Il Multiverso Artistico: non è il pennello, ma la mano che lo impugna

05.08.2026

IL MANIFESTO DEL MULTIVERSO ARTISTICO

"Il punto non è il pennello, ma la mano che lo impugna."

Non sappiamo chi abbia pronunciato per primo questa frase.

Ma sappiamo che contiene una verità.

Una verità che Michelangelo Buonarroti aveva espresso secoli prima quando scriveva:

"L'uomo dipinge col cervello e non con le mani."

L'arte non nasce dal pennello.

Non nasce dall'argilla.

Non nasce dall'ago di un tatuatore.

Non nasce da una macchina fotografica.

Non nasce da un software.

L'arte nasce da una visione.

Da un'idea.

Da una sensibilità capace di trasformare qualsiasi strumento in emozione.

Per troppo tempo abbiamo creduto che le tecniche fossero confini.

Pittura.

Scultura.

Ceramica.

Tatuaggio.

Fotografia.

Arte digitale.

Come se ogni disciplina appartenesse a un mondo separato.

Ma l'arte non conosce confini.

Li attraversa.

Li supera.

Li unisce.

È qui che nasce il Multiverso Artistico.

Non come una corrente artistica.

Non come uno stile.

Ma come una filosofia.

Una filosofia che afferma un principio semplice:

non è la tecnica a creare l'artista. È l'artista a dare valore alla tecnica.

L'acrilico è un mezzo.

La ceramica è un mezzo.

Il tatuaggio è un mezzo.

La fotografia è un mezzo.

La pittura digitale è un mezzo.

L'Intelligenza Artificiale è un mezzo.

Il mezzo non possiede un'anima.

L'anima appartiene all'artista.

Ed è proprio quando smettiamo di essere schiavi dello strumento che iniziamo davvero a creare.

L'artista non dovrebbe chiedersi quale tecnica utilizzare.
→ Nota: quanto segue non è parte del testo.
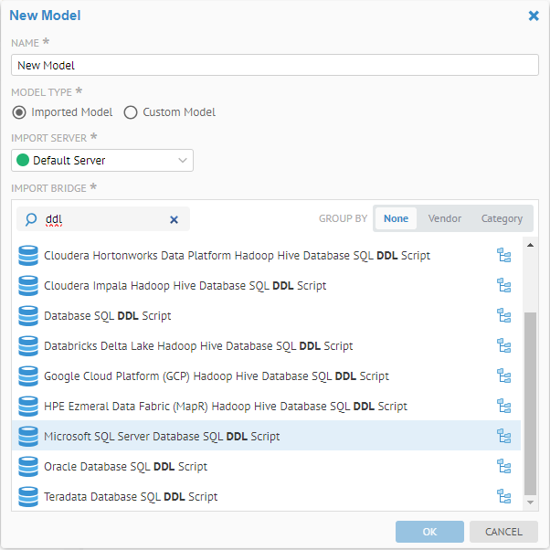Choose the Microsoft SQL Server Database SQL DDL bridge.

Dovrebbe chiedersi quale tecnica racconta meglio la sua idea.

Perché ogni linguaggio è soltanto una parola.

L'opera è il discorso.

L'emozione è il significato.

Oggi questa visione sta prendendo forma attraverso artisti che, pur percorrendo strade differenti, sembrano parlare la stessa lingua.

Andrea Pellerone, con il suo Classicismo Evocativo e i suoi Neo Tatuaggi, dimostra che il passato non è qualcosa da imitare, ma da reinterpretare. L'antico incontra il futuro, il simbolo dialoga con il corpo e il tatuaggio diventa memoria, identità e arte senza tempo.
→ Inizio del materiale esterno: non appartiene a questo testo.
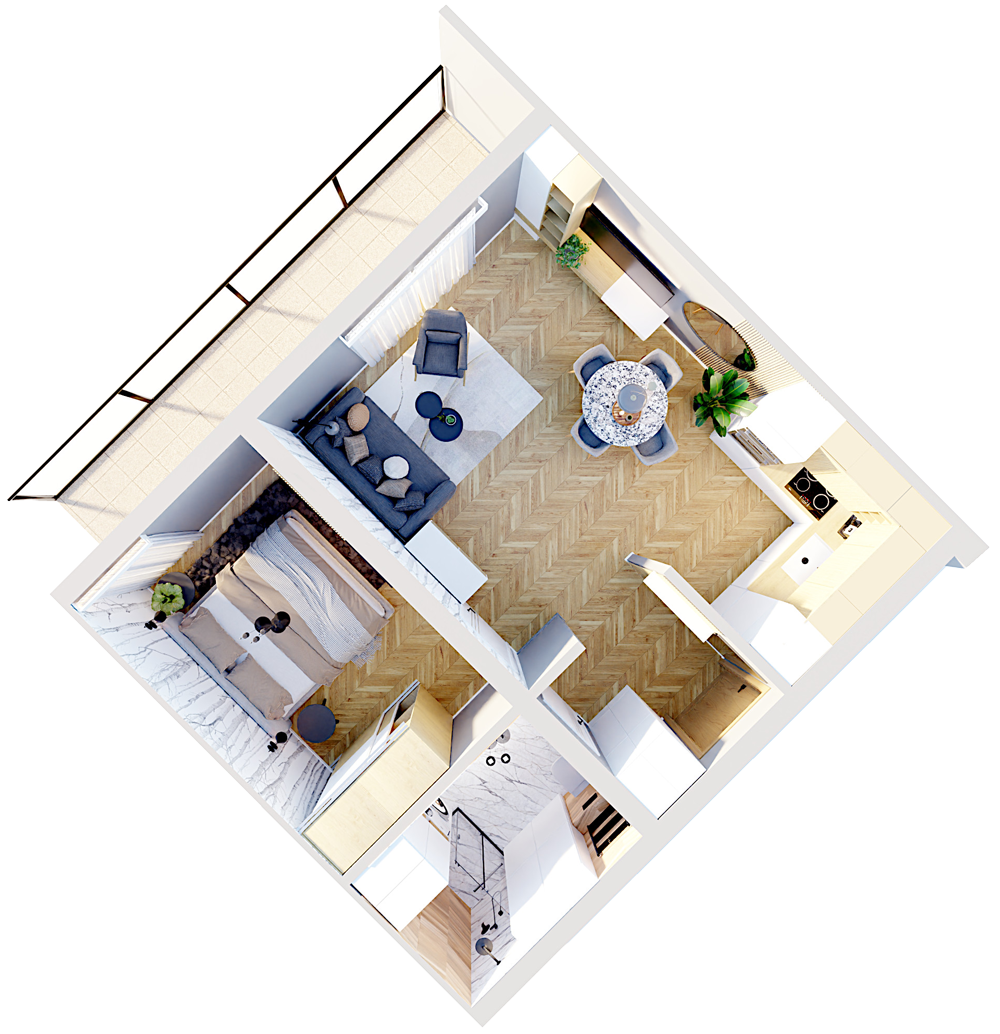 Mieszkanie jest sprzedawana w stanie deweloperskim, a poniższy spacer wirtualny prezentuje jak może wyglądać urządzone mieszkanie. Świadczymy też usługi wykończenia mieszkań pod klucz.

Silvio Mavilla ci ricorda che il digitale non sostituisce la pittura. La espande. La luce diventa pennellata, il pixel diventa materia e la tecnologia smette di essere protagonista per diventare uno strumento silenzioso al servizio della creatività.

Vincenzo Ferraro, attraverso la ceramica, restituisce dignità alla materia più antica. I suoi ricci esplodono in tutta la loro bellezza, trasformando il mare, la tradizione e la memoria mediterranea in sculture contemporanee che parlano un linguaggio universale.
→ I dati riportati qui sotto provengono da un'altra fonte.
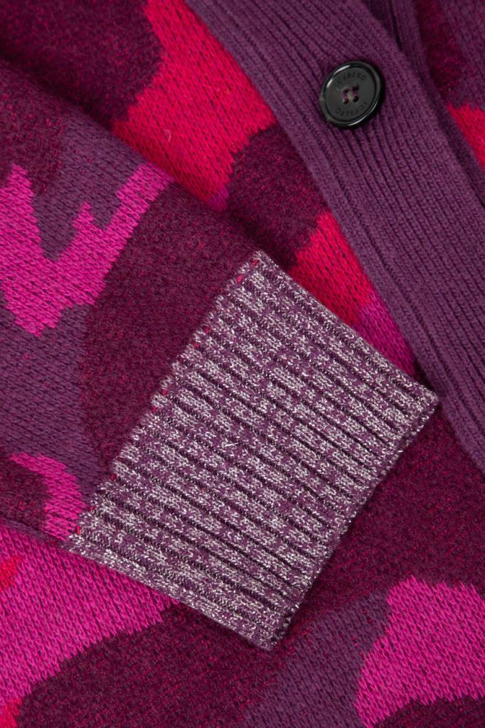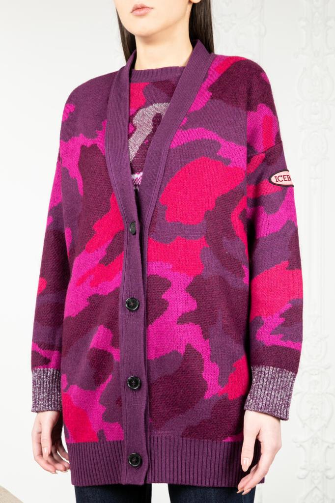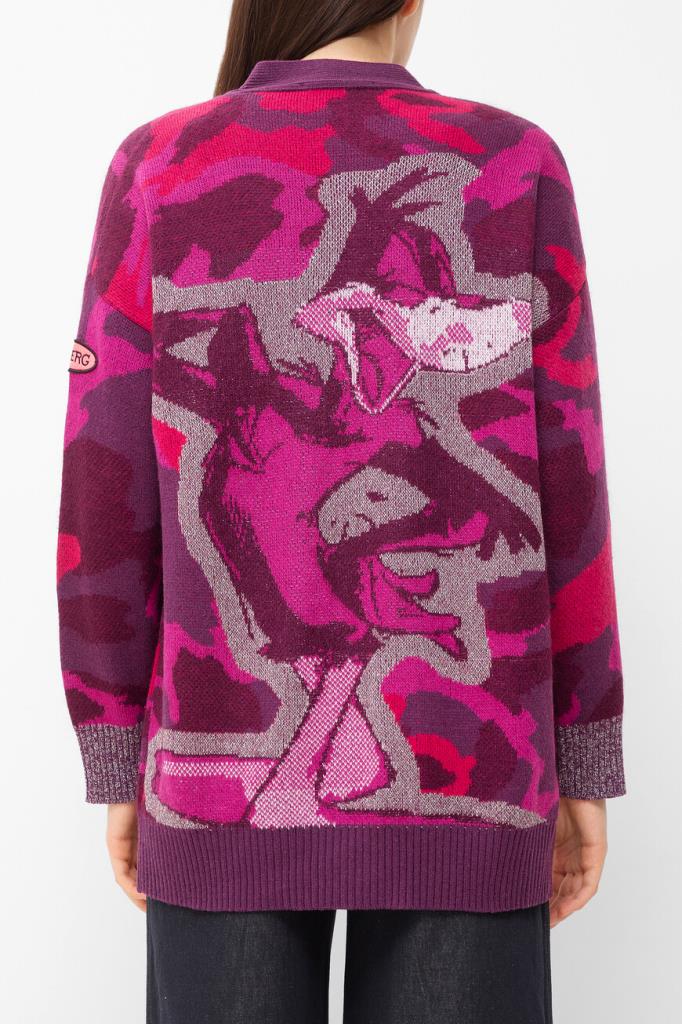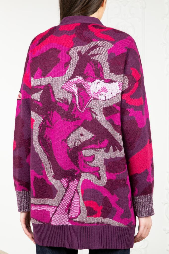Эффектный женский кардиган ICEBERG из мягкого трикотажа на основе прочного синтетического износостойкого материала, фирменного нейлона, натуральной шерсти, фирменного кашемира, вискозного волокна и пряжи из шерсти ангорской козы (мохера) с оригинальным камуфляжным узором в розовых оттенках по всей поверхности изделия. Стильная удлиненная модель комфортного прямого кроя, с изящным V-образным вырезом горловины с фактурой в рубчик, длинными рукавами со спущенным плечом и серыми манжетами на резинке с заметным меланжем, удобной застёжкой на крупные контрастные роговые пуговицы и широкой манжетой снизу также с фактурой в рубчик. Фишка изделия: контрастная светло-розовая нашивка-патч с вышитой чёрной фирменной надписью бренда на левом рукаве. Превосходное дизайнерское решение, отличающее кардиган от остальных моделей - крупный яркий дизайнерский принт с Даффи Даком - персонажем мультсериала “LOONEY TUNES” на спинке сзади.

E poi c'è Andrea Ruggeri, con il suo Multiverso di Colori.

La sua Onça Preta, la Pantera Nera, sembra nera.

Ma non lo è.

Osservandola da vicino si scopre che quel nero è soltanto un'illusione.

È composto da migliaia di colori.

Migliaia di sfumature.

Migliaia di vibrazioni cromatiche che convivono in perfetto equilibrio.

È una metafora.

Perché anche l'arte, come la vita, non è mai fatta di un solo colore.

Ed è proprio qui che il Multiverso Artistico trova la sua massima espressione.

La Onça Preta non termina con il gesto pittorico.

Continua.

Si evolve.

Si trasforma.

Grazie all'intervento digitale di Silvio Mavilla, l'opera acquista una nuova dimensione.

Non è più soltanto pittura.

Non è soltanto digitale.

È entrambe le cose.

Due artisti.

Due linguaggi.

Una sola visione.

E forse è proprio questa la vera rivoluzione.

Per secoli gli artisti hanno difeso il proprio territorio.

Oggi possono condividerlo.

Il futuro dell'arte potrebbe non appartenere al singolo genio isolato.

Potrebbe appartenere agli artisti che avranno il coraggio di contaminarsi, collaborare e costruire insieme opere impossibili da realizzare individualmente.

Questo è il Multiverso Artistico.

Non soltanto attraversare tecniche differenti.

Ma permettere alle tecniche di incontrarsi.

Permettere agli artisti di incontrarsi.

Permettere alle idee di fondersi fino a diventare qualcosa di completamente nuovo.

Non importa se il punto di partenza è un pennello.

Un blocco di argilla.

Un ago.

Una macchina fotografica.

Una tavoletta grafica.

O un algoritmo.

Conta soltanto ciò che riescono a raccontare.

Perché gli strumenti cambiano.

Le tecnologie cambiano.

Le mode cambiano.

La visione resta.

Il Manifesto

Noi crediamo che l'arte non abbia confini.

Crediamo che nessuna tecnica sia superiore a un'altra.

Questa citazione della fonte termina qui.